Upon completion of six times drilling with one navigation system, the subject completed a weighted NASA-TLX questionnaire to measure workload, SUS, and a Likert questionnaire for qualitative assessment. The other navigation system was then administered using the same procedure. Finally, the subject completed a final open-ended questionnaire to qualitatively compare the two systems.

Evaluation

After the trial, all phantom blocks were scanned with the abovementioned CBCT scanner. To enhance the visibility of the drilling trajectories in the CT scan, rods 3D printed by a Prusa SLS SPEED were inserted. The rods' tips were designed to be flat, without the 1.5 mm long conical sharp tip (90°), to allow for maximum insertion into the drill hole, as debris could obstruct proper placement. The acquired CT scans were analyzed in 3D Slicer (v5.2.2). Two independent investigators (Y.L. and P.B.) evaluated the conducted trajectories before comparing them to the ground truth.
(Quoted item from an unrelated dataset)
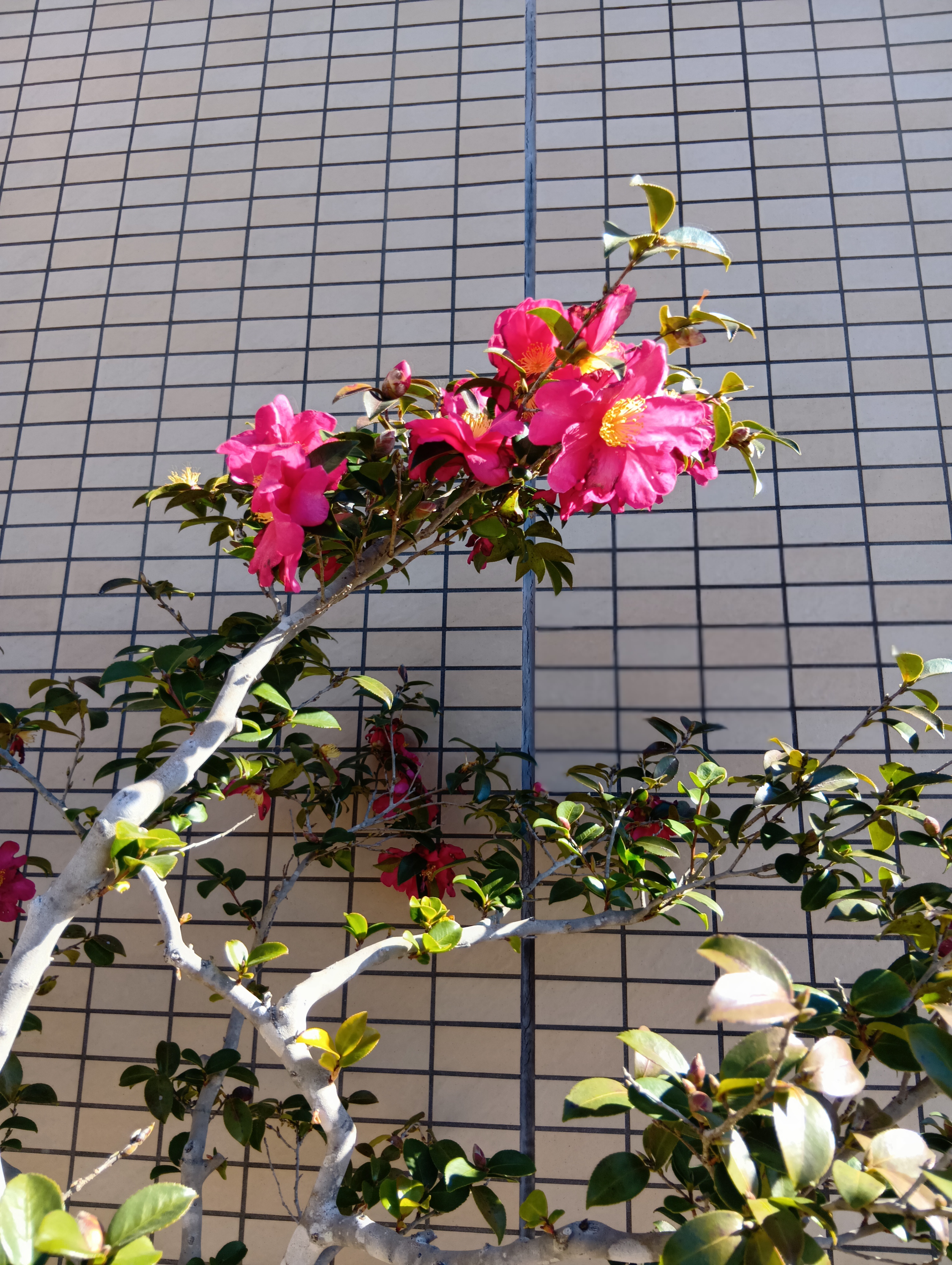 お昼にお弁当配達したマンションの玄関先に咲いていたツバキです^^

The rods were segmented using the SegmentEditorExtraEffects in 3D Slicer by outlining their path and then exported as OBJ meshes. If the discrepancy of the translational deviation was ≥ 0.5 mm or the angular deviation was ≥1.0° between two investigators, B.P. checked the discrepancy, then Y.L. and P.B. repeated the segmentations to reduce bias in segmentation. Supplementary Fig. 1a, b shows the conducted and planned trajectories, which were all displayed with the trajectory mesh for clear comparison.
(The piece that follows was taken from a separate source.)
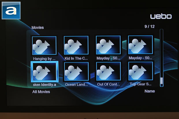 For simplicity reasons, I installed a Kingston HyperX 120GB SSD into the UEBO M400, and loaded some media files into it for testing. Unlike Jeremy's M100, I can just format the drive through Windows over USB, and it will work flawlessly -- it is not necessary to do this through the setup menu on your TV. The Movies screen simply shows a matrix of all index movie files on the media player, but you can change it to List and Preview mode. In Preview mode, it will show a list of the available files, with a window on the left to let you have a glimpse at what is going on after it has been highlighted. As I have mentioned in my Patriot Box Office review, to improve performance and usability, it would be excellent if the interface displays a generated thumbnail of the video in the preview window immediately when the user hovers over the file instead. If the selection bracket stays over the video file for a couple more seconds, then it should start playing a series of random short clips from the video, rather than starting from the beginning every time. This would prove to be much more useful for the end user, since most TV shows will start with the theme song, and most movies will have opening credits at the beginning. The live preview is definitely a nice touch, but previewing from the start has very little value.

Afterward, the models were automatically compared to the planned trajectories using a Python script (v3.6.1) with VTK packages. The calculations were performed as follows: \({P}_{1}\) and \({P}_{2}\) represented the entry point and the endpoints of the planned trajectory, whereas those of the conducted trajectory were denoted as \({C}_{1}\) and \({C}_{2}\). Entry points for both planned and conducted trajectories were where the mesh of the trajectories penetrated the block's upper surface. \({C}_{2}\) was identified as the furthest point along the central axis plus an additional 1.5 mm offset to account for the flat ends of the rods (Fig. 2d).
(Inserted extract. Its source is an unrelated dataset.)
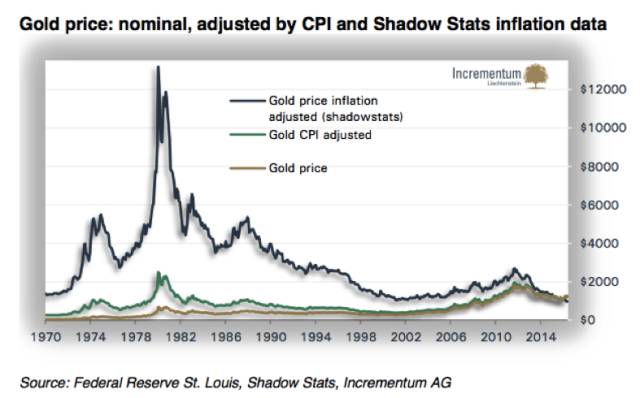 正如现在所看到的,黄金目前的交易价格明显低于通胀调整后的峰值。官方CPI通胀率调整后,1980年金价峰值相当于2481美元(当前汇率)。基于Shadow Stats的调整,当时的金价大约为13177美元。无论是名义价值,还是通货膨胀调整后的价值,金价仍然远远低于峰值。

The maximum projected translational deviation (Fig. 2a) was the larger value of projected translational deviation at two ends (Fig. 2b, c), denoted as the minimum radius of the inclusion cylinder from the planned trajectory that covers the conducted trajectory. The projected translational deviation was the shortest distance from the conducted trajectory to the planned trajectory, which was the length of shortest distance from \({C}_{1}\) and \({C}_{2}\) to the central axis of the planned trajectory respectively (Fig. 2b, c). In addition, the translational deviation at the entry point was evaluated by 3D Euclidean distance between \({P}_{1}\) and \({C}_{1}\)(Fig. 2d). The angular deviation in degrees was calculated by the angle between the planned and conducted trajectories, using the following function: \({Angular\; deviation}={\cos }^{-1}\left(\frac{\vec{A}* \vec{B}}{{||}\vec{A}{||}* {||}\vec{B}{||}}\right)\), where \(\vec{A}\) and \(\vec{B}\) were the vectors along the central axis of the planned and the conducted trajectory respectively (Fig. 2e). The depth deviation was calculated as the distance between \({P}_{2}\) and \({C}_{3}\), where \({C}_{3}\) is \({C}_{2}\) projected onto the planned trajectory axis (Fig. 2f).

Statistical analysis

The statistical analysis was also performed in R. The translational deviation between the planned and conducted entry and endpoints, angular deviation, and depth, were evaluated with an LMM as described above in the sample size calculation. The perceived workload in NASA-TLX was evaluated by unpaired t-test. Time and SUS between systems were compared using Mann–Whitney U tests. Normal distribution was tested using the Shapiro–Wilk test. A p < 0.05 was considered significant.